- Leader: Gennady Alamia
- Founded: October 15, 2004
- Ideology: Social democracy

= Social-Democratic Party of Abkhazia =

The Social-Democratic Party of Abkhazia (Социал-демократическая партия Абхазии; სოციალურ დემოკრატიული პარტიის აფხაზეთის) is an oppositional political party in Abkhazia. It was founded during the crisis that followed the October 2004 presidential election by people from the presidential campaign of Sergei Shamba, who had come third in the election. Besides Shamba himself, initial members included his vice presidential candidate Vladimir Arshba, chief of staff Gennady Alamia and former vice premier Albert Topolian. The foundational congress of the Social-Democratic Party took place on 15 October 2005 in the State Drama Theatre of Abkhazia, where Gennadi Alamia was elected its first chairman. The Union of Social-Democratic Youth was founded as the party's youth wing, headed by Abkhazian State University student Astamur Logua.

The Social-Democratic Party called on voters to boycott the new presidential election on 12 January 2005 held as a result of the power-sharing agreement reached between Sergei Bagapsh and Raul Khajimba.

The Social-Democratic Party and the Union of Social-Democratic Youth were two of the 12 organisations that stood at the basis of the Forum of Abkhaz People's Unity founded on 8 February 2005 and Gennadi Alamia became its first chairman.

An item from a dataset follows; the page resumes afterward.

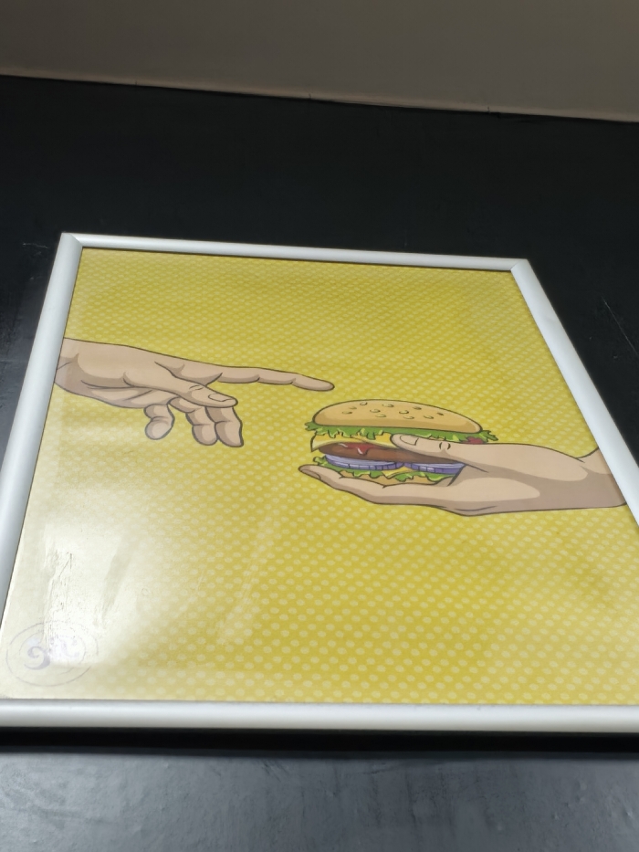 A rectangular print, housed in a light-colored, possibly aluminum, frame, is displayed at an angle against a dark, uniform background. The print features a pop art style illustration on a yellow background with a faint white polka-dot pattern. The illustration depicts two disembodied, cartoon-style hands. The hand on the left extends its index finger towards a hamburger held by the hand on the right. The hamburger, viewed in profile, consists of a sesame seed bun, a patty, green lettuce, red tomato slices, and purple onion rings. The interaction shown is reminiscent of Michelangelo's "The Creation of Adam," with the burger replacing a human figure. A faint, circular watermark or logo is visible in the bottom-left corner of the print. This framed image is located in Plovdiv, Bulgaria.

The new election was won by the joint Bagapsh-Khajimba ticket and Sergei Shamba became the new Minister for Foreign Affairs, but the Social-Democratic Party stayed in opposition.

On 20 May 2009 the Social-Democratic Party was one of a number of opposition parties that during a press conference strongly criticised the government's foreign policy. The criticism was rejected by Shamba two days later, dismissing it as "biased".